The gang often took refuge in the town of Ingalls, Oklahoma, which was frequented by numerous outlaw gangs of the day, and in which the local residents often defended the outlaws and assisted in hiding them from lawmen, due to the outlaws contributing greatly to the local economy. In one shootout with lawmen in Ingalls, called the Battle of Ingalls, during which three lawmen and three outlaws were shot, Rose Dunn was alleged to have helped save Newcomb's life after he had been wounded, by running through the gun-battle bringing him extra ammunition, and firing a rifle at lawmen while he reloaded his pistols. However, that is believed to be legend, and by the US Marshals' account, Newcomb fought less than admirably, firing at most two shots before being wounded and fleeing. After several shootouts with lawmen, Newcomb fled with outlaw Charley Pierce to a hideout near Norman, Oklahoma, both of them having been wounded in the Ingalls shootout with US Marshals.

==Death==
On May 2, 1895, Newcomb and Charley Pierce rode up to the Dunn ranch, possibly to visit Rose. When they dismounted, her brothers opened fire, dropping both outlaws. The next day, the Dunn brothers had loaded the two bodies into their wagon and were driving it into town to collect the reward, when Newcomb suddenly moaned and asked for water, to which one of the brothers responded with another bullet.
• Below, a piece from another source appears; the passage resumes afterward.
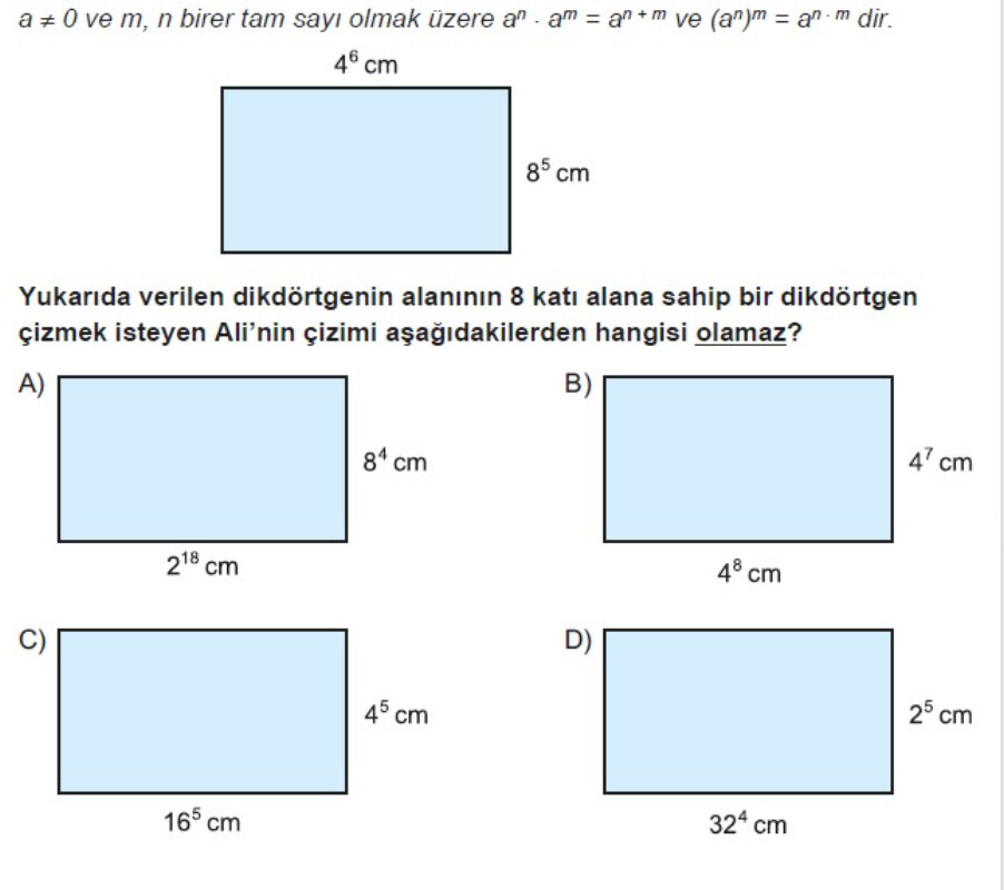 Yukarıda verilen dikdörtgenin alanının 8 katı alana sahip bir dikdörtgen çizmek isteyen Ali’nin çizimi aşağıdakilerden hangisi olamaz?

It is not known as to whether Rose Dunn assisted in this or not. There has been much speculation that Rose Dunn was in contact with her family, and that her brothers followed her to the ranch, then waited for her to leave before they entered and killed the two outlaws. She denied that she had betrayed Newcomb, and her brothers supported her version of the story, indicating that she had no knowledge that they were tracking Newcomb, for their fear that she would reveal this to Newcomb and thus eliminate their ability to surprise the outlaws. Bill Dunn, the leader of the Dunn Brothers, was killed shortly thereafter when he fired two rounds at Sheriff Frank Canton, a well known gunman, due to Canton investigating the brothers for cattle rustling, at which time Canton returned fire, killing Dunn.